What you will do:
Repeat the data exactly. Pictures stay out.
*** Dataset section
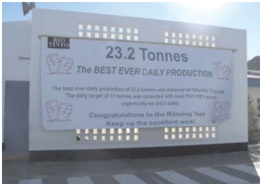
Highest daily production achieved at Rössing

The increased diversification of Namibia's mining sector away from diamonds is a very healthy development for the future of our country (New Era, 24 April, 2007).
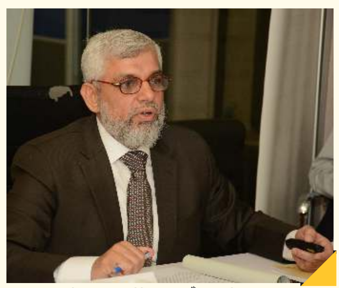
Chairperson addressing 14<sup>th</sup> Council meeting held on September 30,2019 at HEC
******
Exercise answer:
Highest daily production achieved at Rössing

The increased diversification of Namibia's mining sector away from diamonds is a very healthy development for the future of our country (New Era, 24 April, 2007).
Chairperson addressing 14<sup>th</sup> Council meeting held on September 30,2019 at HEC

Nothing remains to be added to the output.